IX. O que quer o Governo? | Desvalorizar o trabalho

Diz o Governo de Passos Coelho e Paulo Portas, juntamente com exército nacional de destacados economistas liberais que hegemonizam a comunicação social com os seus discursos, prática que se mantém desde o Governo de Sócrates, que para a economia recuperar e o país sair da crise é necessário reduzir salários e direitos aos trabalhadores, pois estes andam a viver acima das suas possibilidades. Esta é a ideia que tem justificado e possibilitado, através de um conjunto de medidas de austeridade, uma brutal desvalorização do trabalho em prol dos interesses do capital financeiro e do aumento da exploração. Depois de Sócrates, o actual Governo dá hoje continuidade a este plano, mas agora com a desculpa perfeita da intervenção do FMI e da União Europeia para o intensificar.
 
O Governo PS impôs um corte de 5% nos salários da função pública em 2010 e fraccionou e atrasou ao máximo a subida do salário mínimo nacional (SMN) acordada em concertação social, em 2006, que previa um aumento gradual até 500€ em 2011. Actualmente o SMN é de apenas 485€ e o Governo PSD/CDS não prevê qualquer subida, aliás, há entre estes quem defenda a sua descida com o argumento da “competitividade” das empresas.
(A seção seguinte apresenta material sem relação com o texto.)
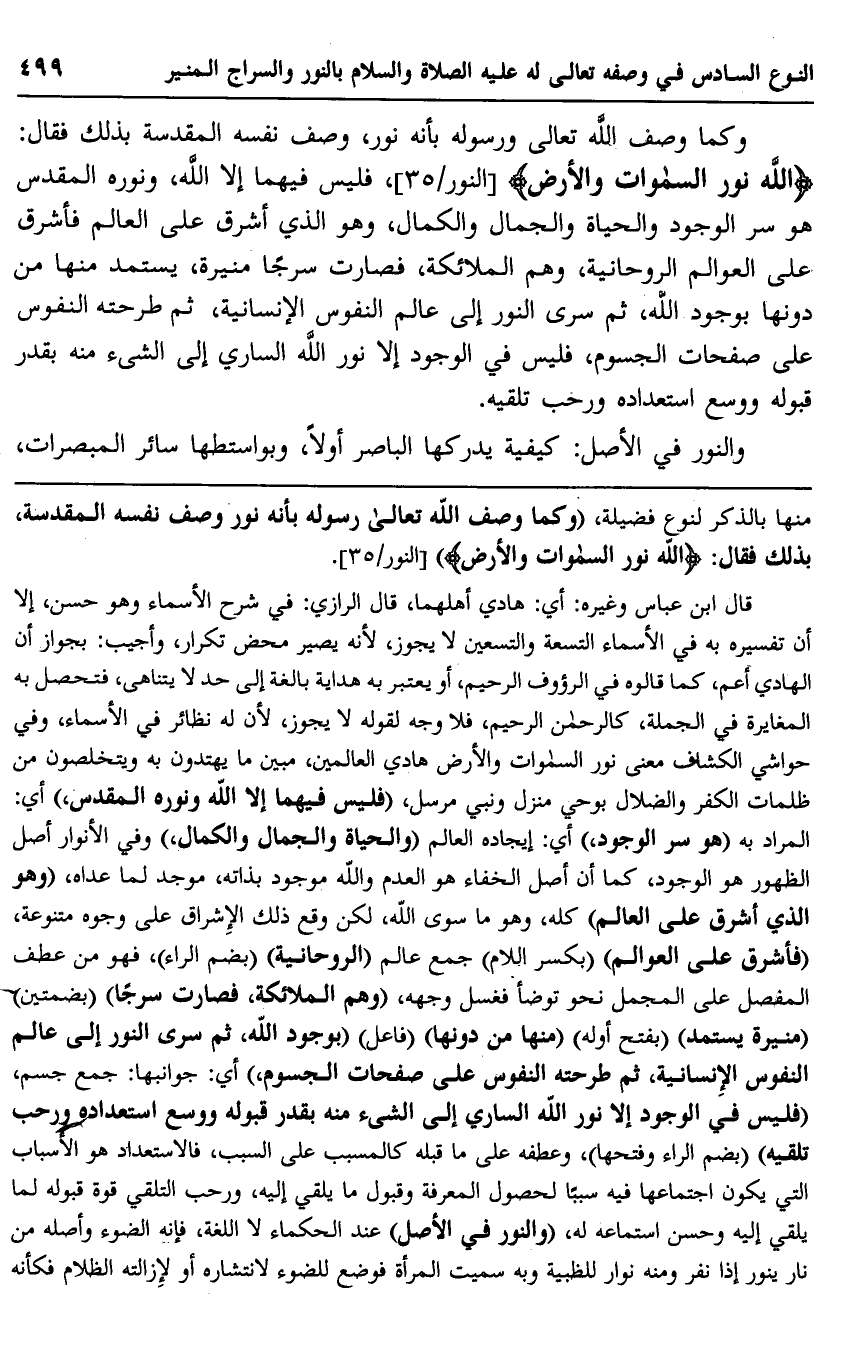 وكما وصف الله تعالى ورسوله بأنه نور، وصف نفسه المقدسة بذلك فقال: {اللَّهُ نُورُ السَّمَاوَاتِ وَالْأَرْض} [النور: 35] ، فليس فيهما إلا الله، ونوره المقدس هو سر الوجود والحياة والجمال والكمال، وهو الذي أشرق على العالم فأشرق على العوالم الروحانية، وهم الملائكة، فصارت سرجًا منيرة، يستمد منها من دونها بوجود الله، ثم سرى النور إلى عالم النفوس الإنسانية، ثم طرحته النفوس على صفحات الجسوم، فليس في الوجود إلا نور الله الساري إلى الشيء منه بقدر قبوله ووسع استعداده ورحب تلقيه.

O Governo prevê congelamento de salários e pensões até 2013. Considerando que o conjunto das remunerações aos trabalhadores pelas empresas em Portugal representa em média 18% da totalidade das despesas e que os consumos intermédios (serviços externos e matérias consumidas) assumem uma importância média de 65%, facilmente constatamos que não são os salários que limitam a competitividade das empresas e que existem outras alternativas.
Mas o plano de desvalorização do trabalho não está a ser executado apenas de forma directa no salário. O fortíssimo ataque à Segurança Social que tem vindo a deteriorar diversos apoios sociais, como o apoio aos desempregados (subs. desemprego e subs. social de desemprego) e os abonos de família, representam formas indirectas desta desvalorização – é a degradação duma parte do salário e de direitos elementares, que além do mais pressionam o conjunto dos salários para baixo por via do aumento da chantagem social e da pressão do desemprego. Assim como as previstas privatizações de diversos serviços públicos (saúde, transportes, CTT, energia, etc.) que até hoje têm sido pagos com os impostos de todos nós (ou seja, com o nosso trabalho), possibilitando comparticipações diferenciadas consoante os níveis de rendimento, passarão a ser inteiramente pagos pelos nossos salários e portanto mais caros, além de escaparem ao controlo público e ao interesse geral.
Com todas as desculpas da crise, apesar de todo o discurso da inevitabilidade, sabemos que este projecto de desvalorização do trabalho representa uma perigosa regressão social. É um plano que encontra agora terreno fértil para se desenvolver, mas que corresponde a ambições que estão muito para lá da resposta à crise. É a esse projecto que o mundo do trabalho e o conjunto da sociedade terá de se opor para o evitar.